Back in the Heterostructure Game

Then Kroemer's ideas about heterostructure devices, shelved for half a dozen years9, came back to his attention.

It was March 1963. The previous summer, Kroemer and a Varian colleague, Sol Miller, had attended the Annual Device Research Conference, at which GaAs lasers had been intro­duced. Miller was interested and at Varian’s weekly collo­quium, he gave a talk about the new lasers. Though scientifi­cally fascinating, he said, the devices could only work at very low temperatures and only for very short pulses, and so would never be truly practical. Asked why, Miller explained that the problem was the lack of charge-carrier confinement: at normal temperatures, electrons would diffuse out of one side of the device as quickly as they were supplied from the other side, as would the holes; therefore the electron-hole pair concentration would never become high enough to cause laser action by stimulated emission. Low temperatures suppressed the effect, but only for brief periods of time.

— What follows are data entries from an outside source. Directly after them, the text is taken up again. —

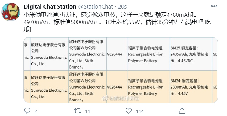 3C'nin kayıtlarında ortaya çıkan bilgilere göre Xiaomi Mi 11'in batarya kapasitesi 4.780 mAh, Mi 11 Pro'nunki ise batarya kapasitesi 4.970 mAh olacak. Yaklaşık 35 dakikada içinde bataryanın tamamını şarj edebilecek bir teknolojiye sahip olacak modeller 55W hızlı şarj teknolojisini destekleyecekler.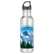 Bouteille d'eau customisée pour un chalet de ski ou une station dans les montagnes du Colorado ou un beau cabine dans la forêt. Ce design cool présente un joli dessin de montagnes enneigées en face de sapins verts. Grand marketing nature pour un hôtel ou location de vacances.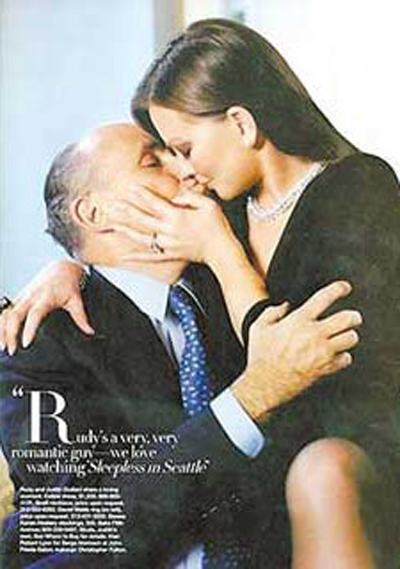 朱利安尼夫婦在一張今年3月刊登在《哈潑時尚》雜志的照片中大秀恩愛。照片中,朱利安尼的年輕嬌妻朱迪坐在老公椅臂上,低著頭、閉著眼,一手撫摸著老公臉頰,一手勾著他脖子親吻,姿態表情非常曖昧。朱迪還向該刊說:“我老公是個非常、非常浪漫的男人。”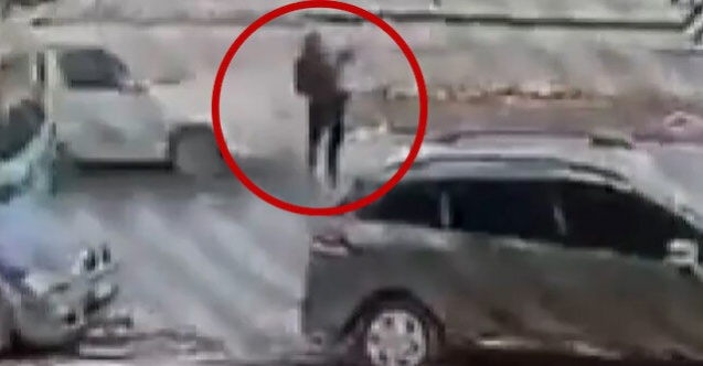 Kaza anı ise bir iş yerinin güvenlik kamerasına yansıyan görüntülerde, kaldırımda yürüyen U.K.'nın, havlayarak üzerine gelen köpekten korkup yola doğru koşması ve otomobilin çarpması sonucu havada takla atması görülüyor.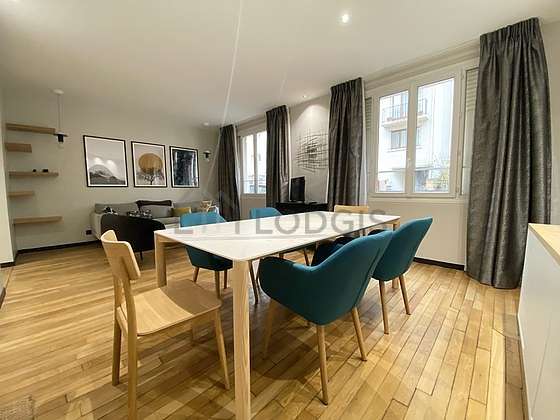 SoggiornoQuesto appartamento é composto di un bello salone con del parquet al suolo e delle finestras anti-rumore e vista su strada. Questo salone calmo é ammobiliato e equipaggiato per rendere il tuo soggiorno piacevole : televisione, divano, 1 poltrona (e), scaffale, 6 sedia (e).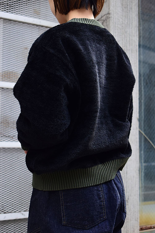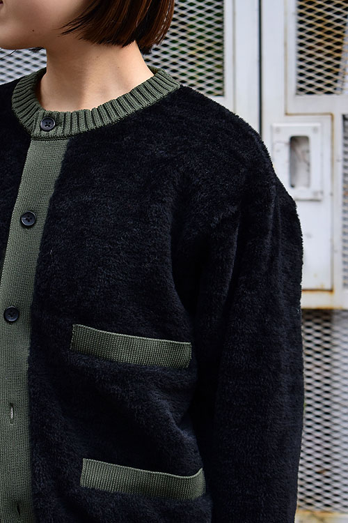 HAVERSACKの、ポリエステル100%のフェザーヤーンを使用した丸首カーディガン。
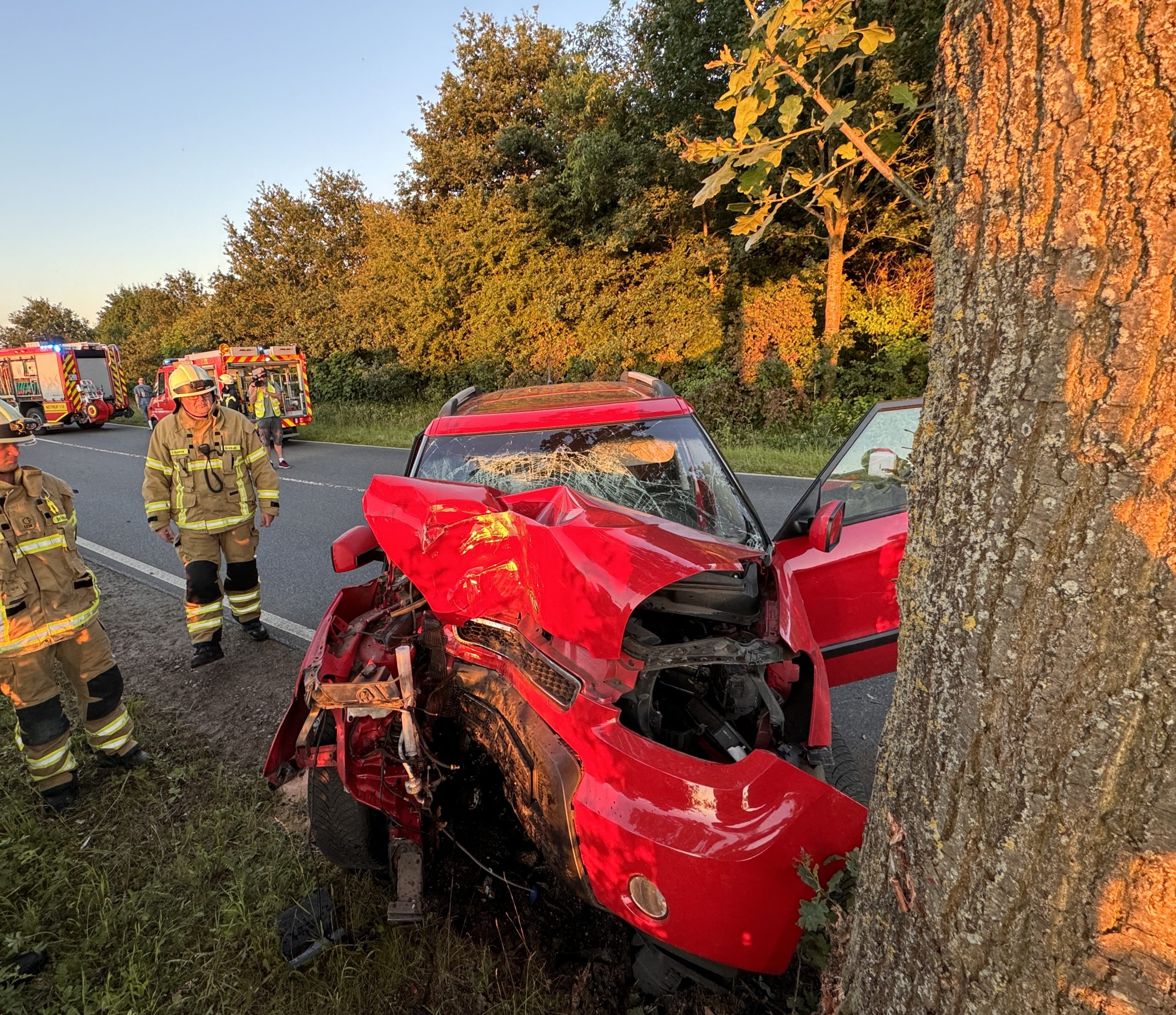 Brinkum-(cm). Die Feuerwehren Brinkum und Gr. Mackenstedt wurden Dienstagabend um 21:15 Uhr zu einem Verkehrsunfall nach Brinkum-Nord gerufen. Auf der Carl-Zeiss-Straße war ein PKW gegen einen Baum geprallt. Der Fahrer sollte laut ersten Meldungen dabei in seinem Fahrzeug eingeklemmt worden sein. Bei Eintreffen der Feuerwehr, hatte der Rettungsdienst bereits eine Sofortrettung durchgeführt und den schwer verletzten Fahrer aus seinem Fahrzeug befreien können. Die Feuerwehr stellte vor Ort den Brandschutz sicher und verhinderte die Ausbreitung von auslaufenden Betriebsstoffen. Des weiteren unterstützten die Kräfte die Polizei bei Absperrmaßnahmen. Nach 90 Minuten war der Einsatz für die Feuerwehr beendet.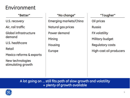 The big buzzwords are oil, the U.S. economy, and China. Yes, there are plenty of other variables at play, but these will be the challenging ones to predict as we peer into the future. GE also laid out a dozen or so additional factors that will play into top-line growth in 2015 in the following slide: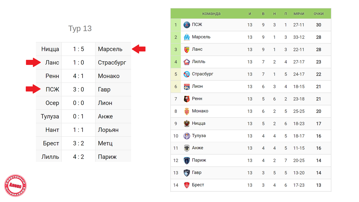 Доброе утро всем. Сегодня расскажу о результатах ТОП-чемпионатов, подведу итоги и покажу положение команд в турнирных таблицах. Буду рад обратной связи, если вы напишите, что вам понравилось, что не понравилось. Начну обзор с французской Лиги 1. ПСЖ одержал уверенную победу над Гавром 3:0. Конкуренты не дремали и тоже победили Марсель – Ниццу 5:1 (Обамеянг отметился тремя результативными действиями), Ланс минимально взял вверх над Страсбургом. Поль Погба после допингового скандала впервые с 2023 года появился на поле. Случилось это на 85-й минуте матча Монако – Ренн. Его Монако победил 4:1. Давайте посмотрим результаты 11 тура Бундеслиги. Лидер Бавария, уступая к 17-й минуте 0:2, выиграла матч у Фрайбурга со счетом 6:2. Олисе сделал 5 результативных действий (2 гола и 3 передачи). Конкурент Лейпциг победил Вердер 2:0, Байер на выезде одолел Вольфсбург 3:1. Заметьте, что 4-я и 5-я команды чемпионата Германии Боруссия и Штутгарт сыграли результативную вничью 3:3. В составе гостей Ундав о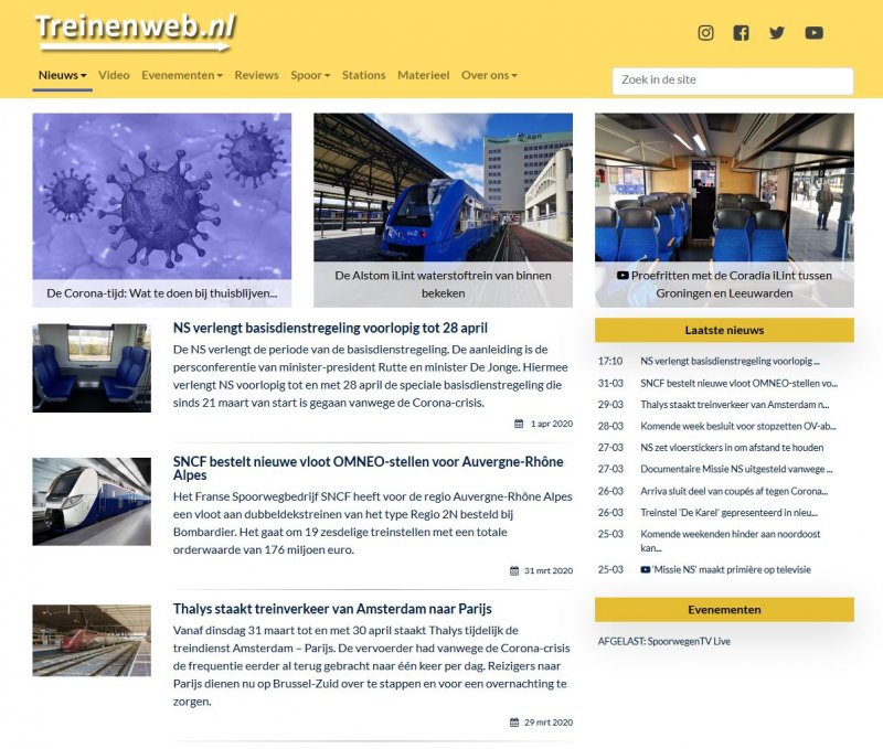 De lente is kort geleden ingegaan, en vandaag is het 1 april. Dat zijn dé ingrediënten voor iets nieuws: Na negen jaar de vorige gele layout te hebben gebruikt is Treinenweb sinds vandaag voorzien van een splinternieuw uiterlijk.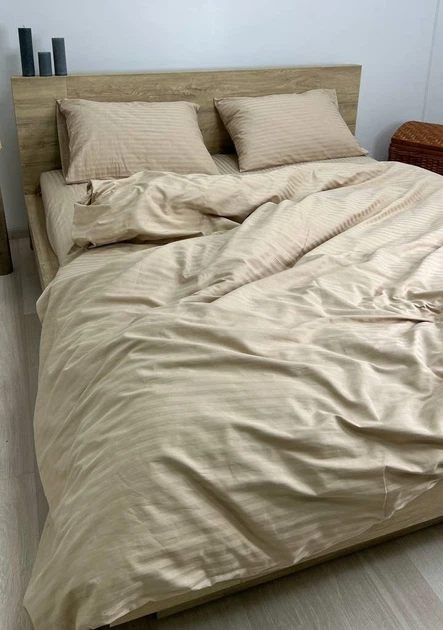Простирадло на резинці 200х200х20 страйп-сатин кава з молоком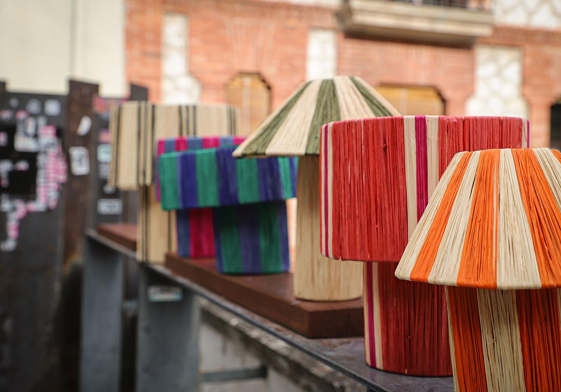 La rafia, material base de sus creaciones, se tiñe con pigmentos naturales y se monta sobre estructuras metálicas sencillas, favoreciendo diseños ligeros y armónicos. Cada lámpara es única y eso es lo que buscaban, «aunque sean del mismo modelo, nunca hay dos iguales. Están hechas a mano por artesanos, y eso se nota», dice Pablo. Esa imperfección sutil, que es belleza, es parte del alma de Brisa.

Kroemer disagreed. Based on his work in heterostructures, the solution, to him, seemed obvious - you just vary the device's band gap, putting a narrower gap in the center and a wider gap in the outer regions, so that the electrons and holes would con­centrate in the center [see "Heterostructures Explained"].

Kroemer wanted to start working on the creation of room-temperature lasers at once, but his superiors at Varian told him that such a device would never have any applications.

"This is the classic mistake - judging something not by what applications it might create, but by how it could fit into applications we've already thought of," Kroemer says. The applications it was useful for turned out to include fiber-optic communications, CD and DVD players, LED traffic lights, and laser pointers - none of which were around at the time.

Though Kroemer wasn't pleased by Varian’s decision, the Gunn effect, which had just been discovered, interested him. This is a phenomenon in which microwave oscillations are produced when a certain voltage is applied to opposite faces of a semiconductor. For the next decade and more, Kroemer explored theories of why this occurred, three of those years at Varian, two at Fairchild Semiconductor Corp. (Palo Alto, Ca.), and nearly eight at the University of Colorado in Boulder.